ACTIVITY = Among the records below, find the line with "അച്ഛൻ (Late) : ബ്രഹ്മശ്രീ" and the line with "Piratenschatzkarte, gedruckt auf". Set down both and every line between, exactly and with no pictures, but nothing else.

EXTRACTED DATA =
================
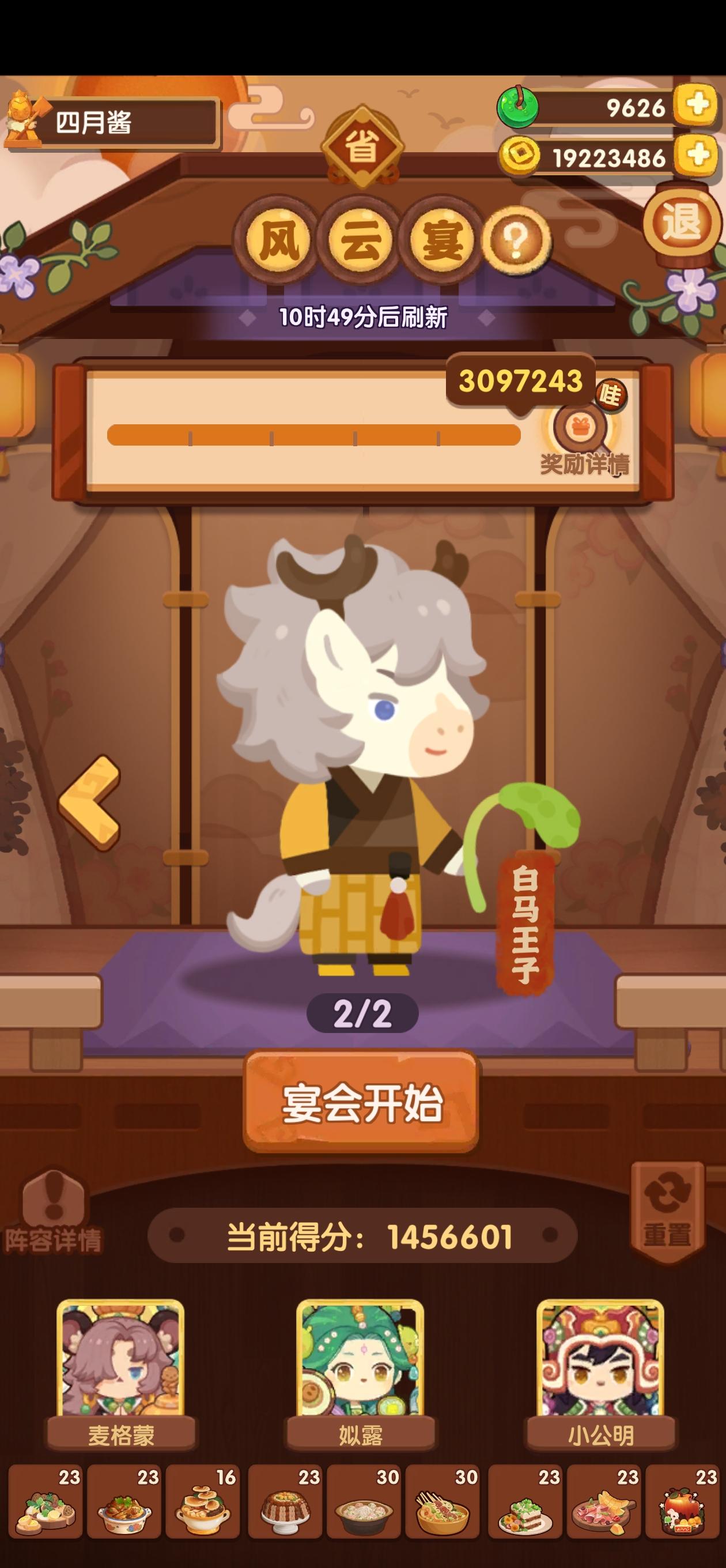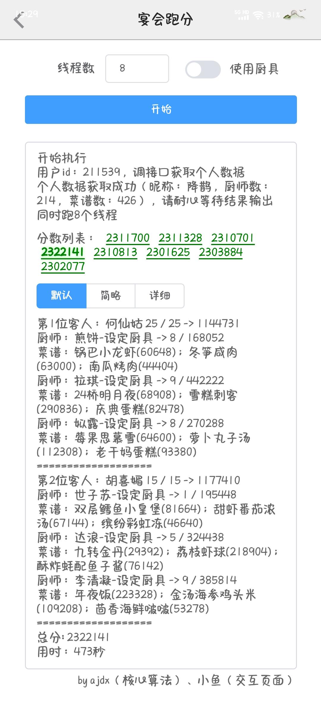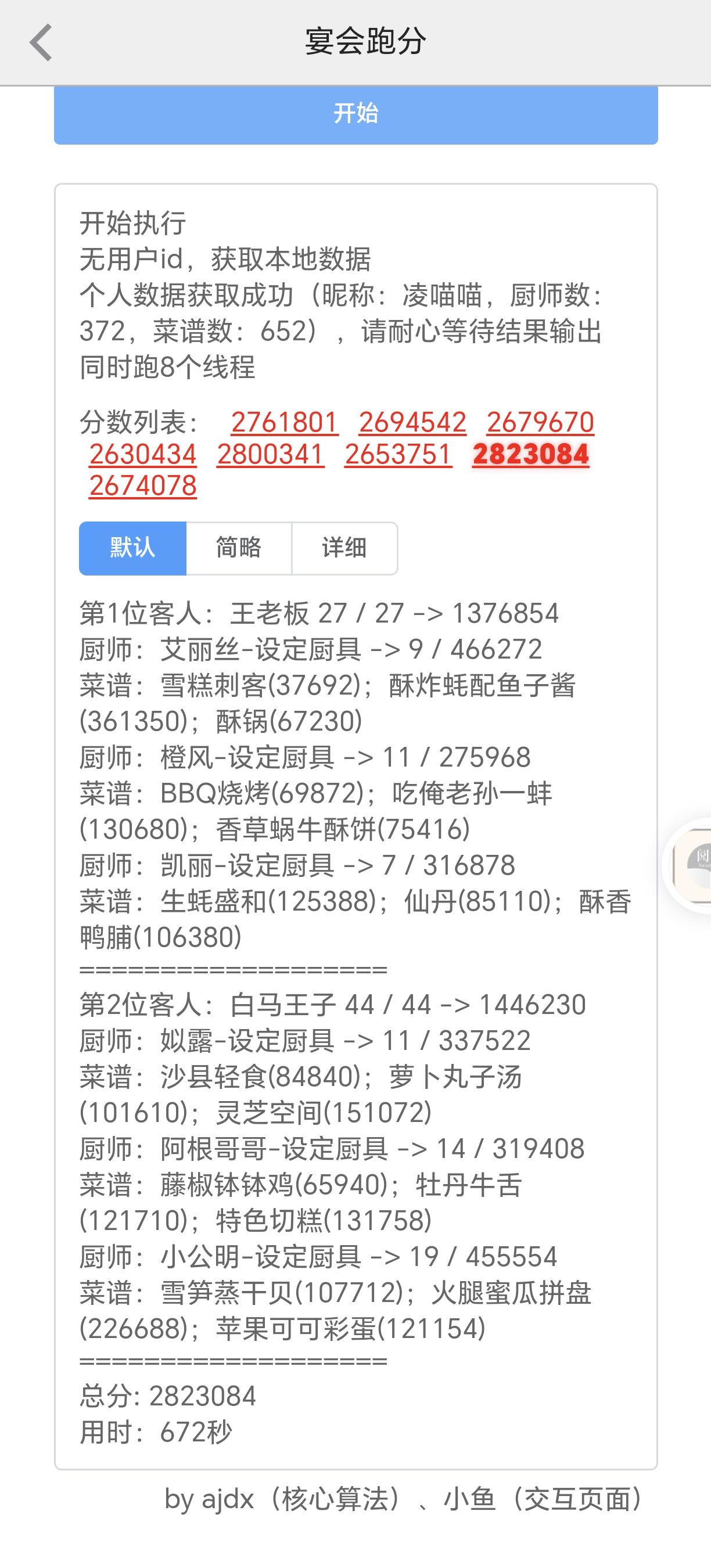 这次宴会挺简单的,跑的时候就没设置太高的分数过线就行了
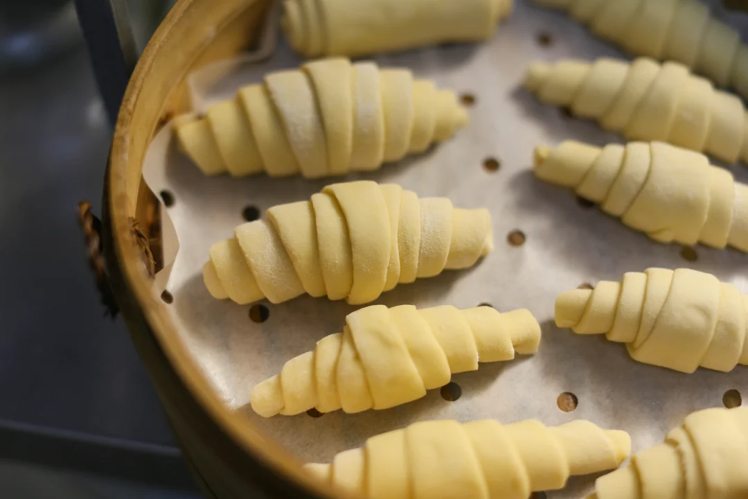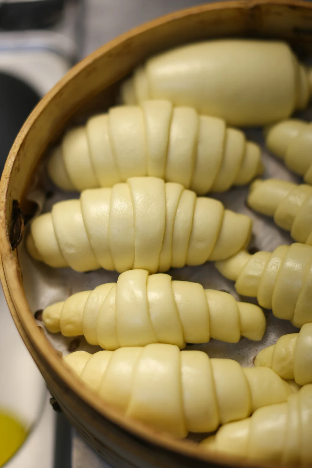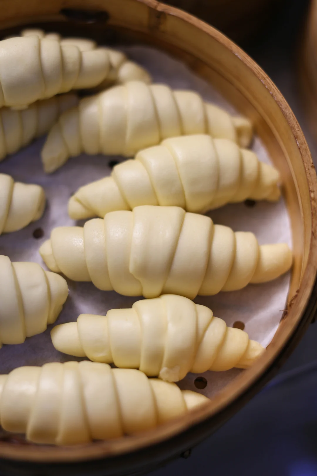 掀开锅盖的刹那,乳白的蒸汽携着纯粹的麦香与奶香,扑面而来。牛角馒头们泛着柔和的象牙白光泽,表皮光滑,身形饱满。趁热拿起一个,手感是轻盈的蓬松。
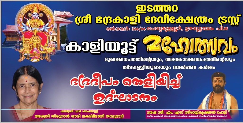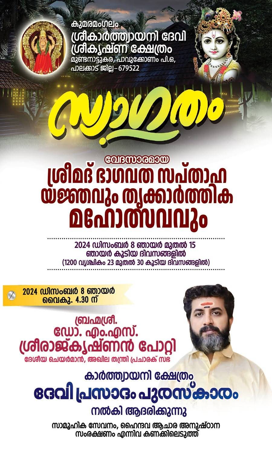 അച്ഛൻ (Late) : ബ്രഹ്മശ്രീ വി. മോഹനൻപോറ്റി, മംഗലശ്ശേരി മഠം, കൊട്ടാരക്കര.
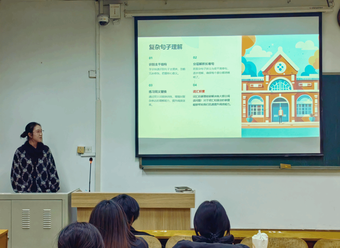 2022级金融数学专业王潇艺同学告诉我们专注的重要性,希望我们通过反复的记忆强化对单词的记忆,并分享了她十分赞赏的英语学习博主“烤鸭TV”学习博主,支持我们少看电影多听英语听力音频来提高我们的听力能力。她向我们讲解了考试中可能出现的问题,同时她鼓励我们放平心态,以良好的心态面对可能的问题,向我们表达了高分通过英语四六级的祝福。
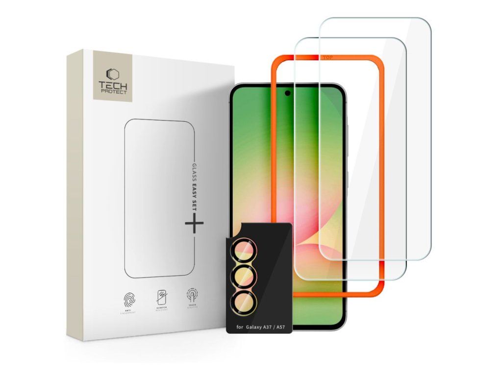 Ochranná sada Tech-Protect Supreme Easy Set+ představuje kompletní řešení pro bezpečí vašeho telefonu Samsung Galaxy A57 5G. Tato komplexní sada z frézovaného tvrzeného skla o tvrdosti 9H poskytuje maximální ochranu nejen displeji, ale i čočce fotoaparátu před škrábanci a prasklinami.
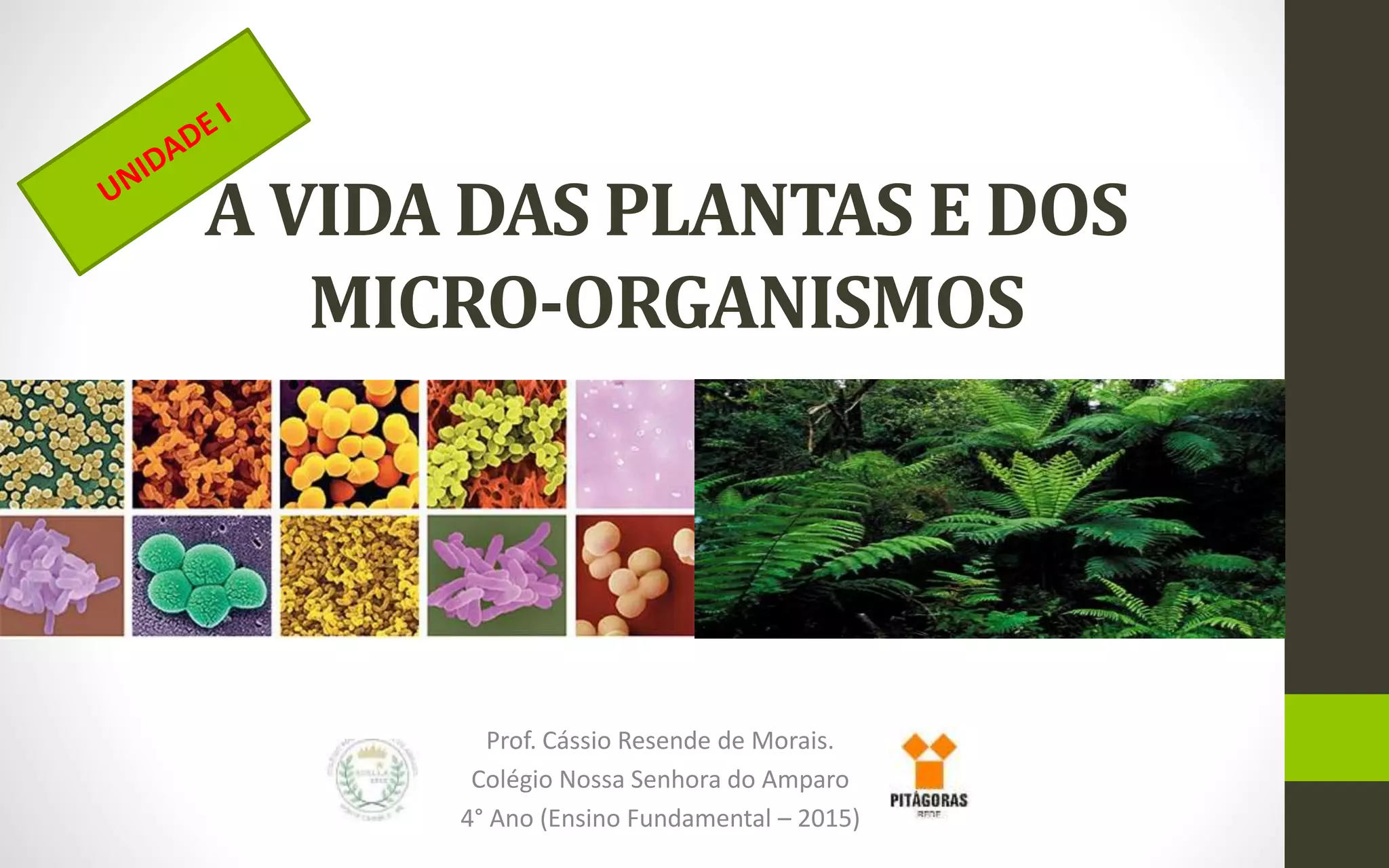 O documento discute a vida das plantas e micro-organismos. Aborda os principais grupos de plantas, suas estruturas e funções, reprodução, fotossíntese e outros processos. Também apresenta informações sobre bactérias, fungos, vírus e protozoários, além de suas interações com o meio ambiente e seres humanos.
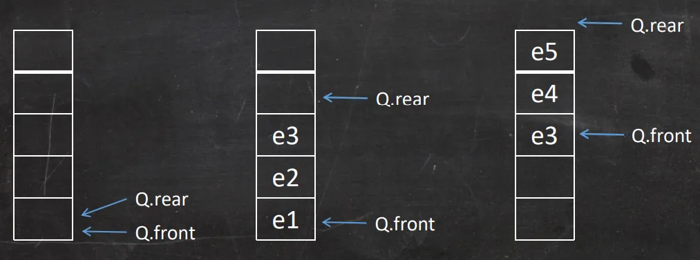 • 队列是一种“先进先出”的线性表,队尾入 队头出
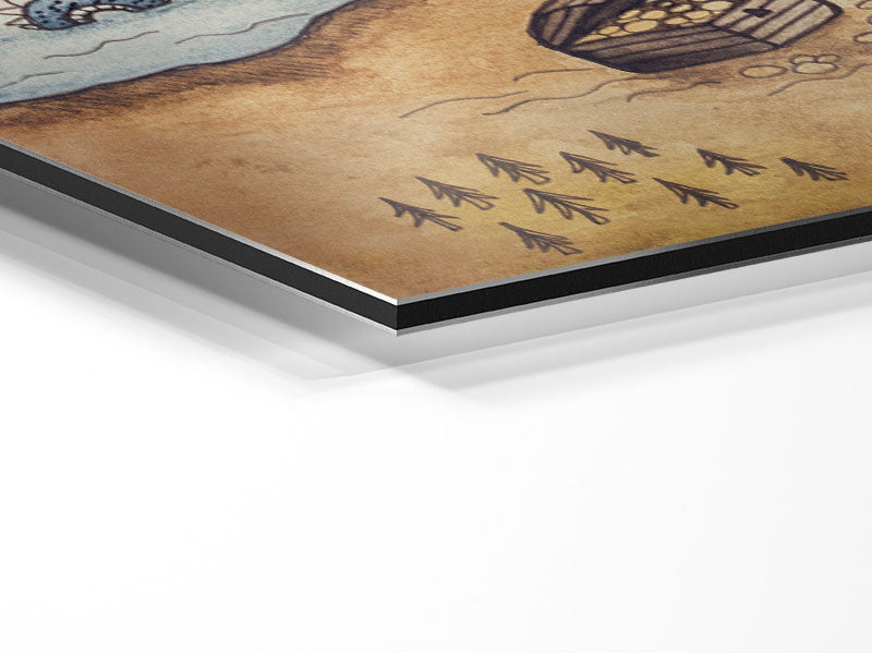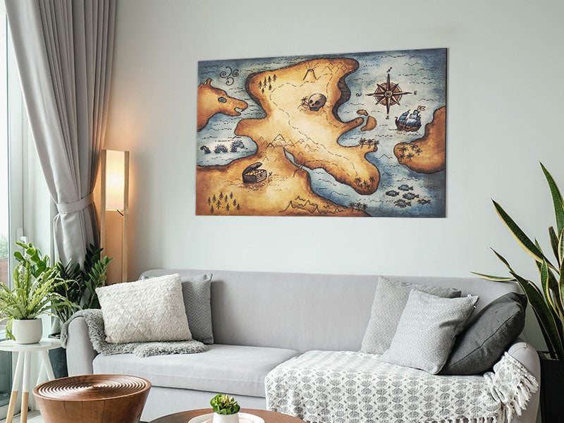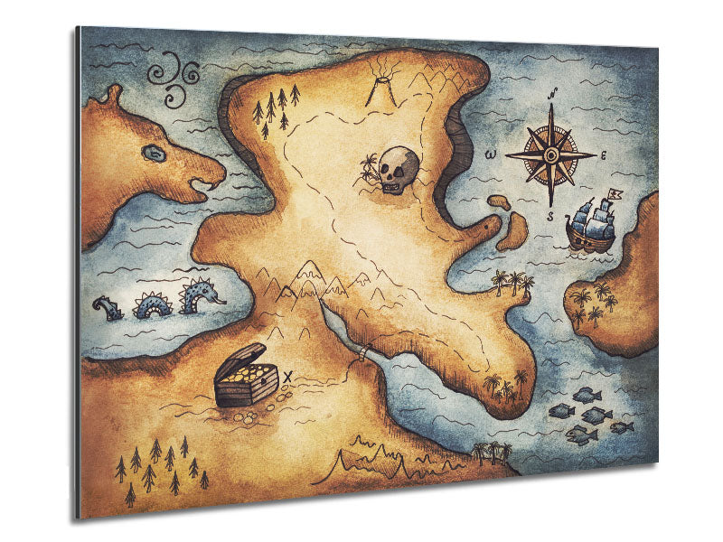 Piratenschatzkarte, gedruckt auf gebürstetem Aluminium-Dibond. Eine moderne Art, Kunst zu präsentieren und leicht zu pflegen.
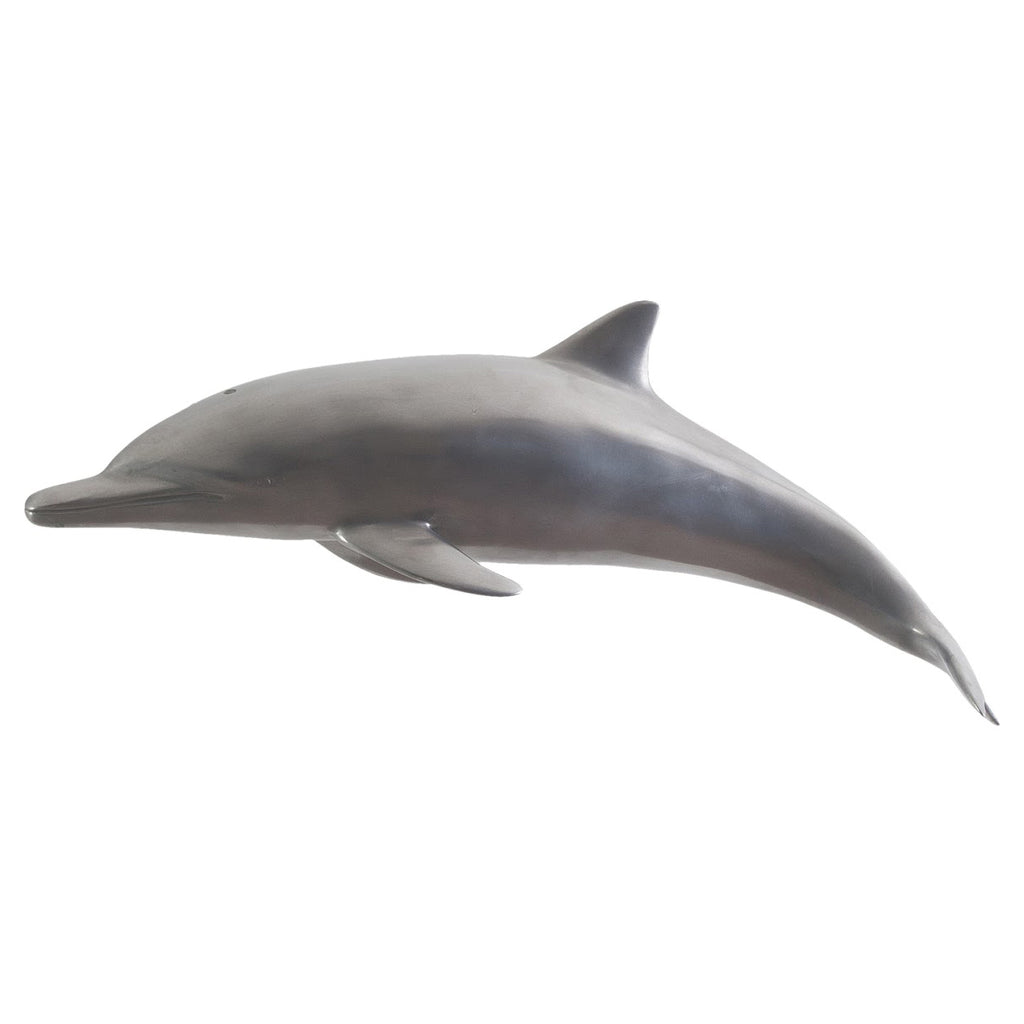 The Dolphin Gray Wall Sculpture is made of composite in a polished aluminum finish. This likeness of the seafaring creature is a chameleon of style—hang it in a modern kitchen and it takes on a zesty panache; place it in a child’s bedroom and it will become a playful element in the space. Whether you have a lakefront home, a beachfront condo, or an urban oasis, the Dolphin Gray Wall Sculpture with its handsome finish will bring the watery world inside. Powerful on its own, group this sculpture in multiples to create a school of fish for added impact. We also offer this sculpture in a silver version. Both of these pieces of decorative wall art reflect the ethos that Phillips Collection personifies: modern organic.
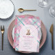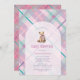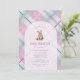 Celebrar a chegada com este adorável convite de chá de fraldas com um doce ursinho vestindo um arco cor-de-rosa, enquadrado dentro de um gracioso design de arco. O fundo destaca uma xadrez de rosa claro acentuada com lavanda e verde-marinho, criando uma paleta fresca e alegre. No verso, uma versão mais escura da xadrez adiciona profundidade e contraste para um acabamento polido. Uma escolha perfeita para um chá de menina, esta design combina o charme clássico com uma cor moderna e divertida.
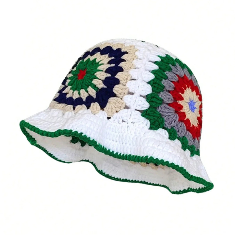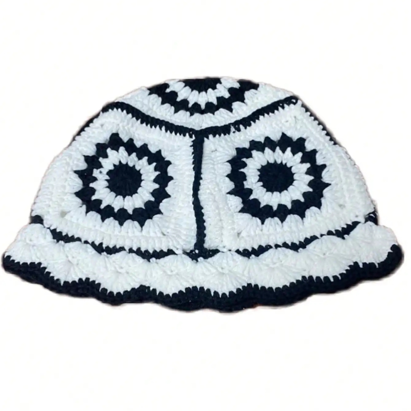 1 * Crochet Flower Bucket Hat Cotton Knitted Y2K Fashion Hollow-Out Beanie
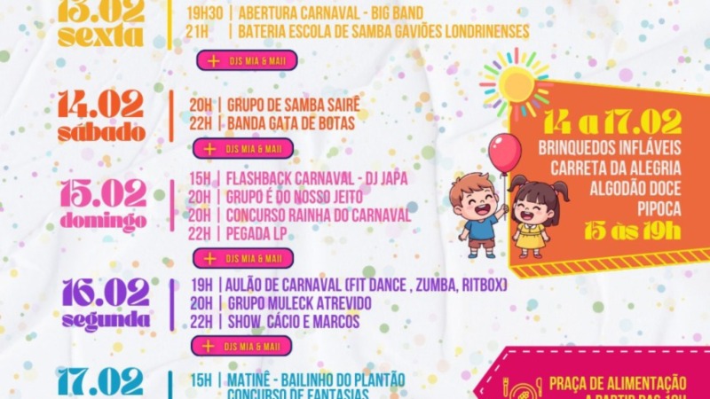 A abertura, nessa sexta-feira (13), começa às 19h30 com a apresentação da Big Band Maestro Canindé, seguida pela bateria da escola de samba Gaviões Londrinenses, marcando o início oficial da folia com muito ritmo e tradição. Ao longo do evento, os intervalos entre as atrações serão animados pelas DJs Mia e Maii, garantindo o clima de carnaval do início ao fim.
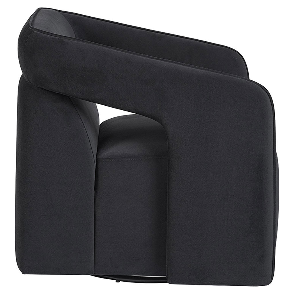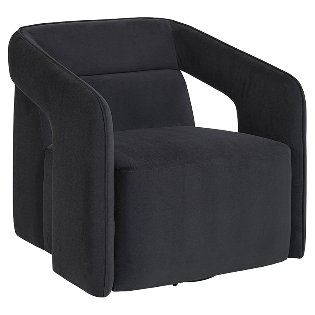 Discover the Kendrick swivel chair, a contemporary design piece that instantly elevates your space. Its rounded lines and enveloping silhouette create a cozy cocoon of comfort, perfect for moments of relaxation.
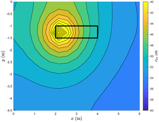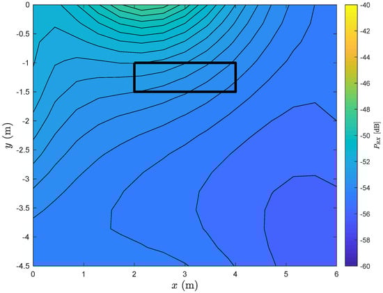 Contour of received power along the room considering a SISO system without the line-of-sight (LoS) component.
================
RESULT =
 അച്ഛൻ (Late) : ബ്രഹ്മശ്രീ വി. മോഹനൻപോറ്റി, മംഗലശ്ശേരി മഠം, കൊട്ടാരക്കര.
 2022级金融数学专业王潇艺同学告诉我们专注的重要性,希望我们通过反复的记忆强化对单词的记忆,并分享了她十分赞赏的英语学习博主“烤鸭TV”学习博主,支持我们少看电影多听英语听力音频来提高我们的听力能力。她向我们讲解了考试中可能出现的问题,同时她鼓励我们放平心态,以良好的心态面对可能的问题,向我们表达了高分通过英语四六级的祝福。
 Ochranná sada Tech-Protect Supreme Easy Set+ představuje kompletní řešení pro bezpečí vašeho telefonu Samsung Galaxy A57 5G. Tato komplexní sada z frézovaného tvrzeného skla o tvrdosti 9H poskytuje maximální ochranu nejen displeji, ale i čočce fotoaparátu před škrábanci a prasklinami.
 O documento discute a vida das plantas e micro-organismos. Aborda os principais grupos de plantas, suas estruturas e funções, reprodução, fotossíntese e outros processos. Também apresenta informações sobre bactérias, fungos, vírus e protozoários, além de suas interações com o meio ambiente e seres humanos.
 • 队列是一种“先进先出”的线性表,队尾入 队头出
 Piratenschatzkarte, gedruckt auf gebürstetem Aluminium-Dibond. Eine moderne Art, Kunst zu präsentieren und leicht zu pflegen.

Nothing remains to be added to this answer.